Available data ::
»»

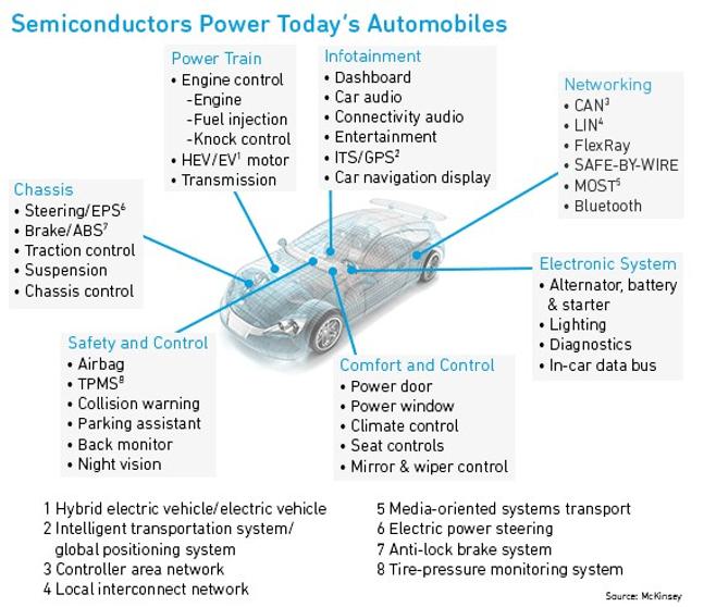 圖3:嵌入式電子,尤其時半導體,在現(xiàn)代車輛中幾乎用于控制所有操作(圖源:麥肯錫公司)
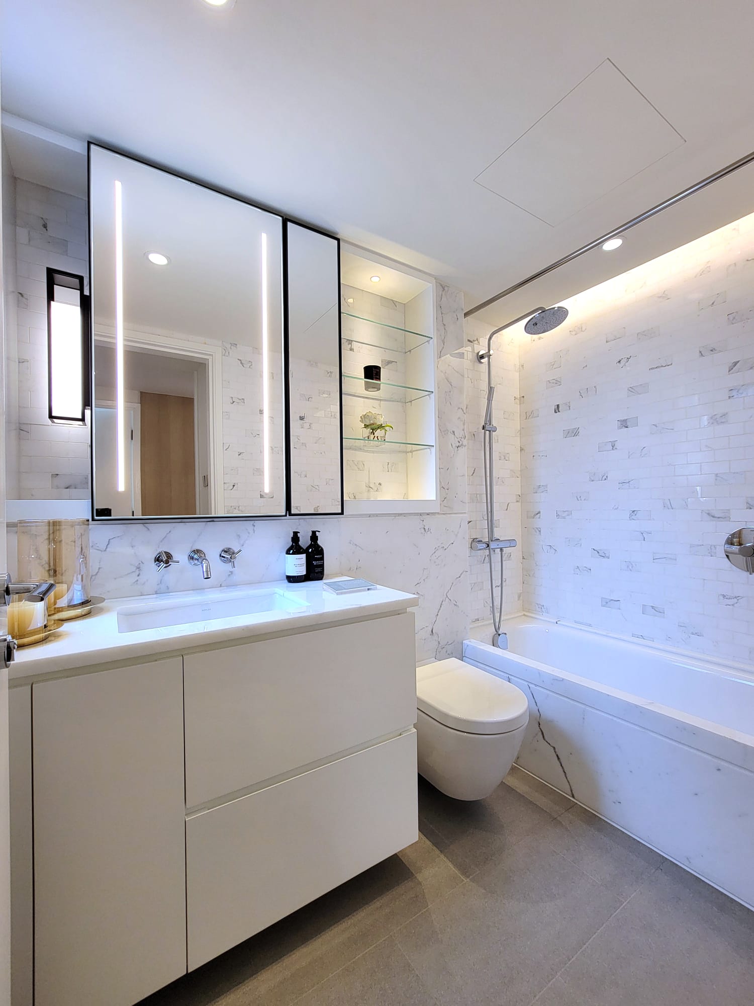 開放式廚房設備齊全、配備多款名牌家電,包括高級德國廚具品牌Siemens的電磁爐、抽油煙機、雪櫃、蒸焗爐及洗衣乾衣機;另更設有法國Vinvautz酒櫃。另外,浴室牆身採用歐洲高級雲石,備有美國著名品牌KOHLER的洗面盆及德國品牌Duravit的坐廁等。
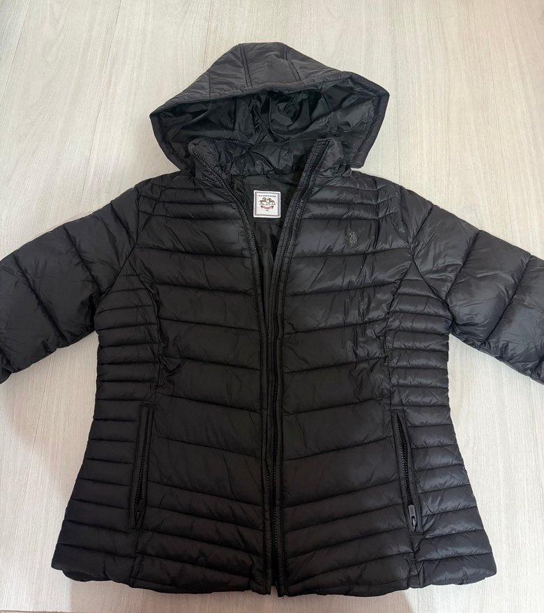 US Polo siyah Kapüşonlu mont

««

What the exercise asks :: Through to the final line, copy the material above exactly and skip the images.

Answer to this problem ::
 圖3:嵌入式電子,尤其時半導體,在現(xiàn)代車輛中幾乎用于控制所有操作(圖源:麥肯錫公司)
 開放式廚房設備齊全、配備多款名牌家電,包括高級德國廚具品牌Siemens的電磁爐、抽油煙機、雪櫃、蒸焗爐及洗衣乾衣機;另更設有法國Vinvautz酒櫃。另外,浴室牆身採用歐洲高級雲石,備有美國著名品牌KOHLER的洗面盆及德國品牌Duravit的坐廁等。
 US Polo siyah Kapüşonlu mont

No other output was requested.